By Wednesday evening, I’ve told everyone who needs to know. I’m proud of the way I’ve handled every conversation, with a calm dignity and the assurance that I believe everything will turn out fine. I’m sure my friends know I’m scared, but acting brave helps me feel that way inside.
On Wednesday night, Nicholas and Bella are asleep, and I’m finishing cleaning the kitchen when I hear Archer’s truck rumble up the drive. My chest constricts. I have to be strong for Kelsey too.
I hang the dishtowel on a hook and walk outside to where Archer is pulling the truck into a space by the garage. It’s a cold evening, the lights of Avalon Street glowing through the grayish dark.
The passenger side door opens. Dean gets out, holding the door open for Kelsey. She jumps down, her gaze landing on me with the precision of an arrow.
She straightens her shoulders and comes toward me, her stride long and determined. Her body is sleek and lithe in fitted jeans and a black sweatshirt. The navy streak in her blond hair glows like a flame.
Kelsey March. My fierce, warrior-queen friend who confronts storms and looks as if she could banish the cancer from my body with one sweep of her hand.
She stops in front of me, her blue eyes glittering behind her glasses. Without a word, she grabs my shoulders and hauls me against her in a powerful, unbreakable embrace.
All the courage I’ve clung to for the past week drains out of me. My throat closes over. I press my face into Kelsey’s shoulder.

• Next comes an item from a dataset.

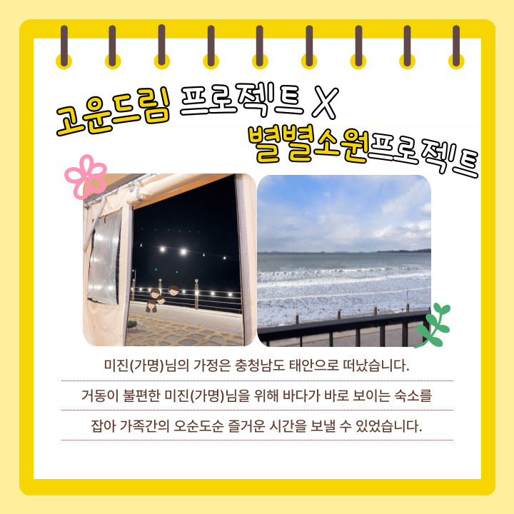 고운드림 프로젝트를 통해 선정된 가족은 1박 2일 동안의 충남 태안지역 바닷가 여행을 다녀왔습니다.
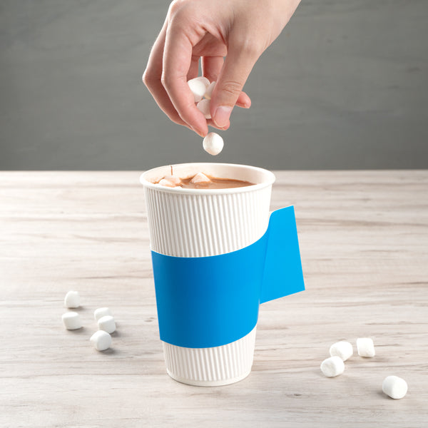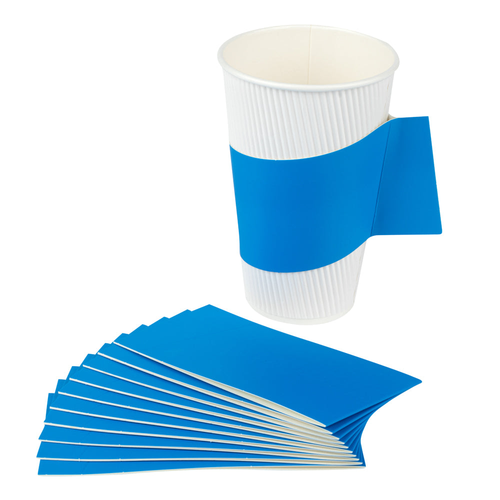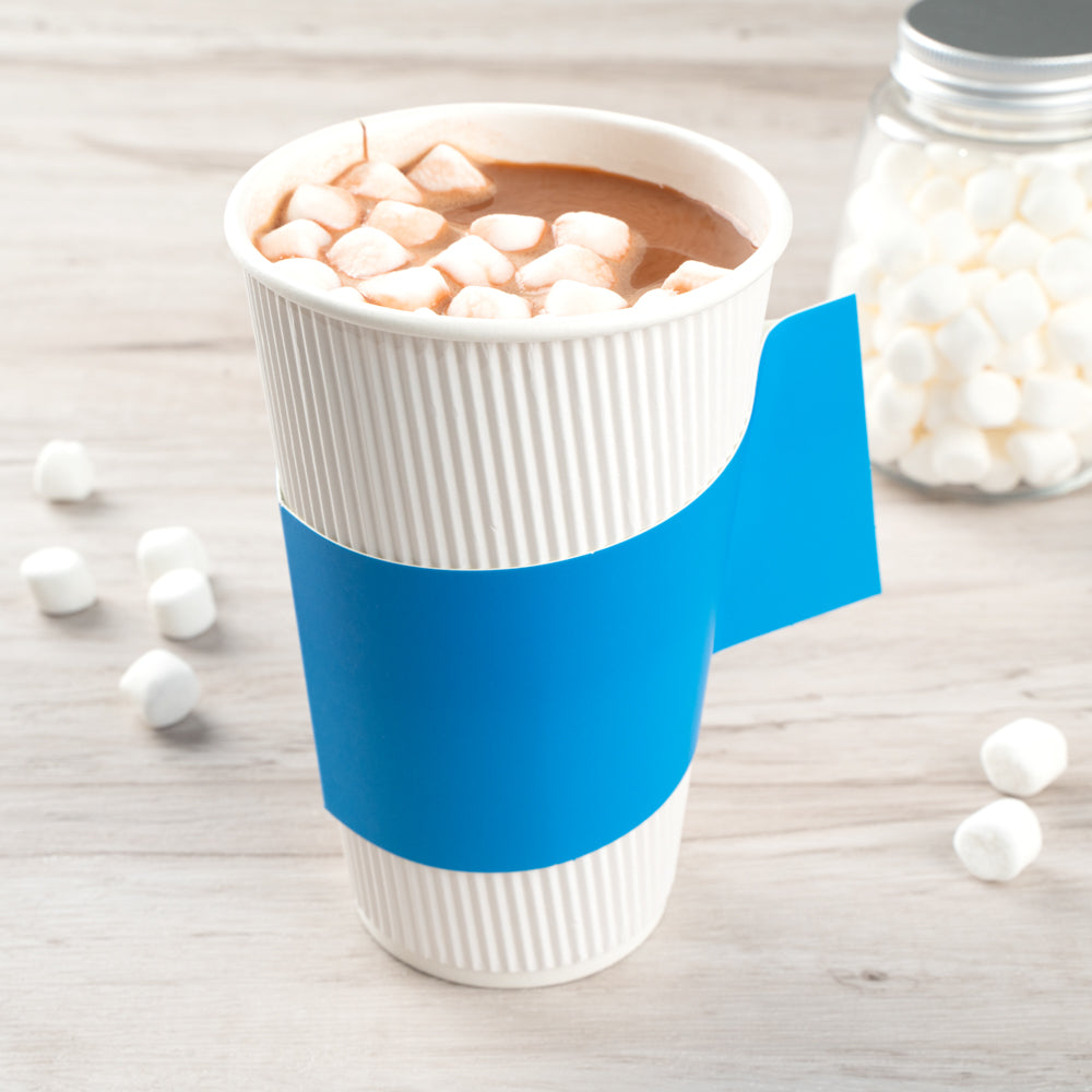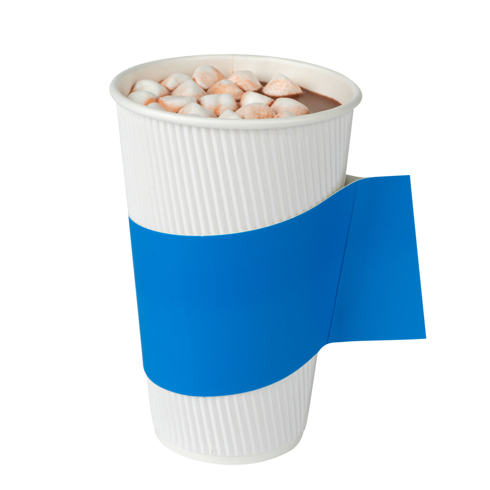 BLUE PAPER COFFEE CUP SLEEVE - WITH HANDLE, FITS 12 / 16 / 20 OZ CUPS

“I’m going to cry,” I warn her.
“That’s okay.” Her voice is gruff. She tightens her arms around me. “So am I.”
Chapter 17
Dean
December 9
The nightmares creep in, slow and insidious. Bella is screaming for me, but I can’t find her in the dark, slimy cave. Nicholas is in the ICU, almost unrecognizable attached to machines with tubes snaking down his throat. Liv is on the edge of a cliff, ghostly pale, her hair whipping in the wind. I’m running toward her, my muscles aching and lungs bursting with the effort.

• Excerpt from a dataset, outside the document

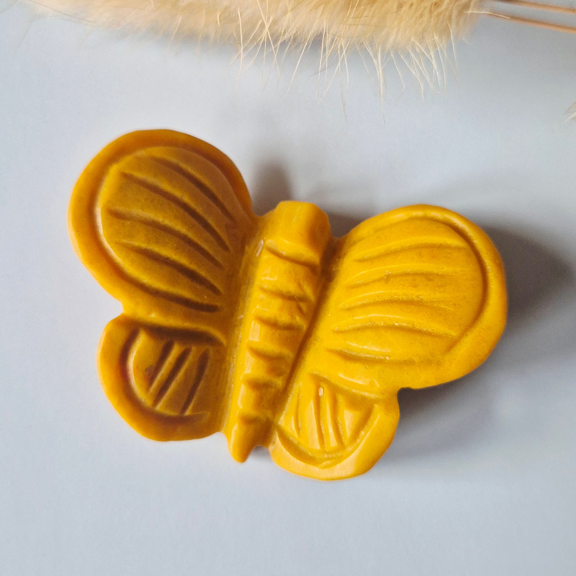 Edelsteen 3D Vlinder 6x5 cm – Gele Jade (Ronde vleugels)

Just when I reach out to grab her, she stumbles backward, off the edge of the cliff. I watch helplessly as my wife falls through the gray mist, her scream stabbing me in the heart. Then I step off after her.
I wake sweaty and shaking. I crawl out of bed, away from Liv’s warm body, and climb the stairs to my tower office. It feels like the safest place right now, locked above the world. I plunge into work, welcoming the reprieve of emailing people about conservation techniques and ancient monuments.
To avoid the nightmares, I stay awake more often than not. I get through my lectures and office hours on auto pilot, trying not to think about the fact that I’m shortchanging my students, that they deserve more than a professor who is only half there. If that.
I call my parents and sister to tell them about Liv, getting through the conversations by sticking to the medical facts. Though Liv and I aren’t close to my family, we’ve stayed in touch with them since Nicholas was born, exchanging emails and photos. Over the years, they’ve come to like Liv, and they’re shocked and saddened to hear of her diagnosis.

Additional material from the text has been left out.